You remind me of my ex, the bitch, the slut, the cunt. I'm so sorry I didnt realize that my words were sharp like knives and could cut you deep. Never leave me. I want you to need me but not too much. I need you to be strong enough to care for me when I am unable to do so myself. I can not, I will not, I do not for my own reasons. Things will be better now it was just a rough season. I may not be perfect but I strive to be. Why is it that you must fight me? I only have your best interests at heart. The world is harsh and cruel don't go out there and be a fool. Come here, hide with me. No one can hurt you when hiding in the dark. Oh look she's trying to take a stand. She must be seeing another man.

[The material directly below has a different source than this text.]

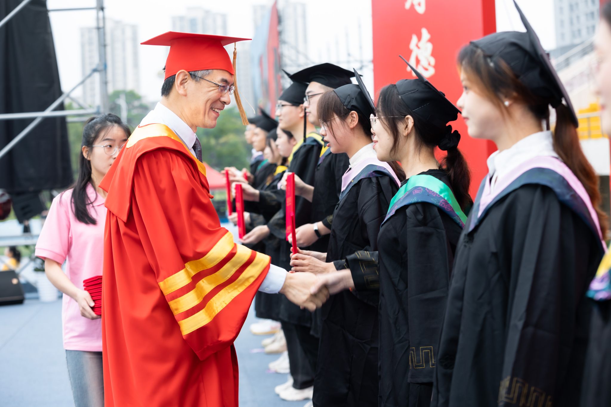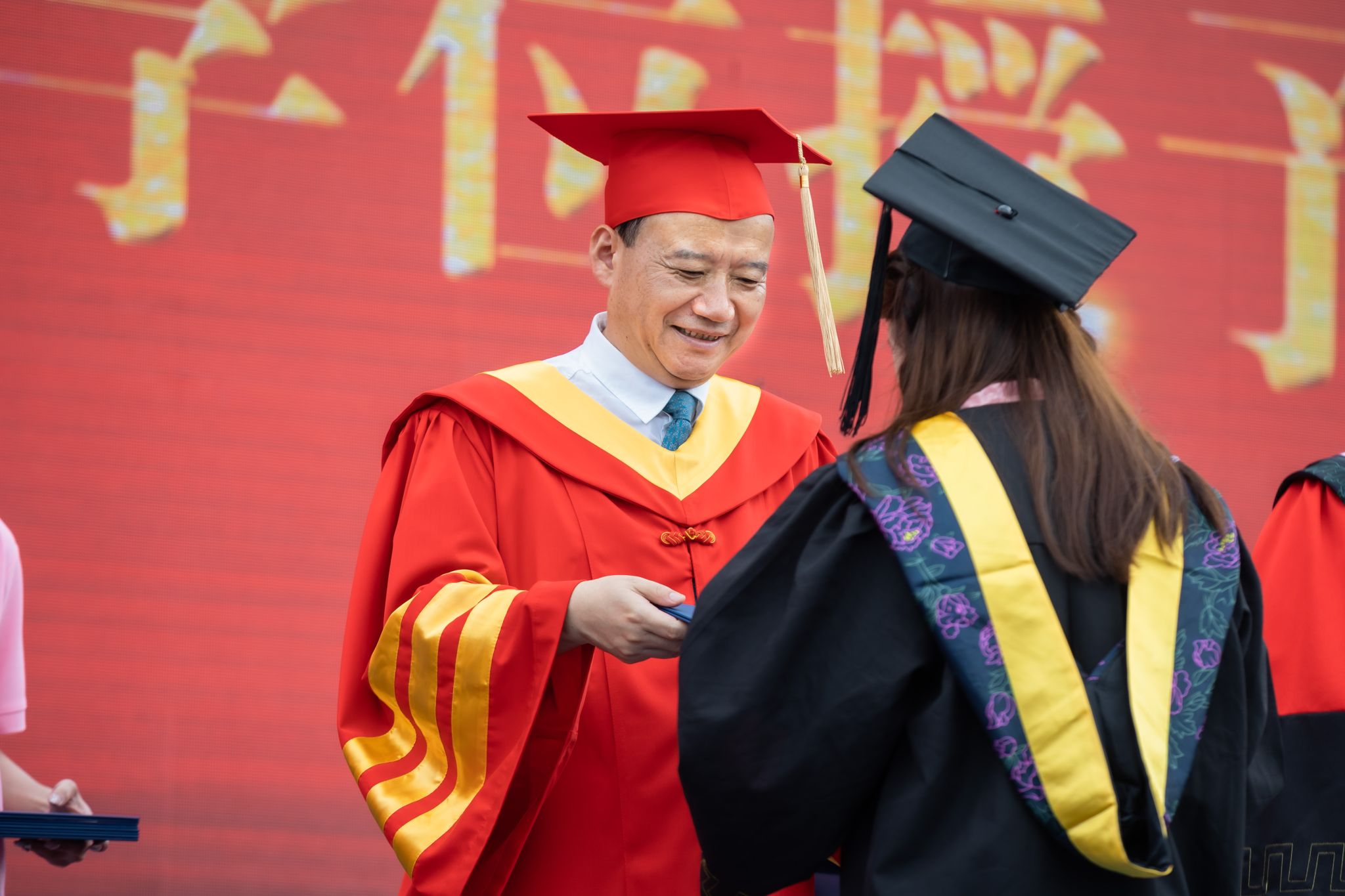 在悠扬的乐曲声中,校领导为现场的毕业生依次拨穗正冠、颁发学位证书并合影留念,定格美好瞬间。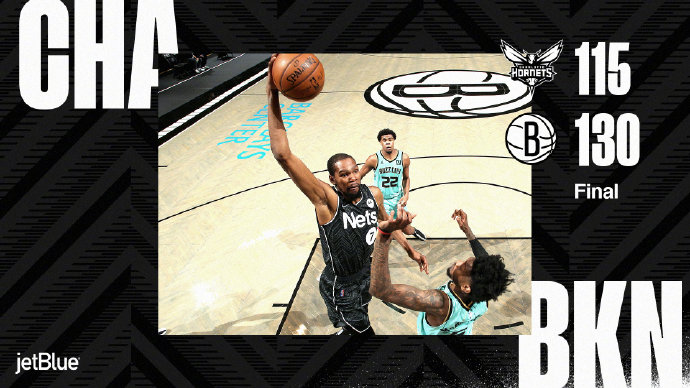 篮网(39-18):杜兰特25分3板11助、格林10分5助、乔-哈里斯26分3断、欧文12分4板6助3断、沙梅特20分、格里芬10分5板3助2断1帽

You are smart and you are witty. Its too bad that you aren't that pretty. Less than average that is what you are and that is what makes you better by far. I've dated women who were too pretty you see, all they ever did was hurt me. You should be grateful I'm not like those other men. I'll never beat you or mistreat you. You never have to worry that I will cheat on you. I'm too lazy, hell, I didn't even have to pursue you. Take care of me now and someday I will remember to take care of you. Don't expect anything of me. You must be content to simply be here with me.

If I had, if I could, you know that I surely would. I can't. My back, I don't feel good. I am sorry that you are feeling sick but could you at least do for me your little trick? I am willing to do anything for you as long as you will listen while I lecture you. I am sorry did I offend? It's just that you are like one of my guy friends. I don't like it when you dress classy. You know I prefer my women a little trashy.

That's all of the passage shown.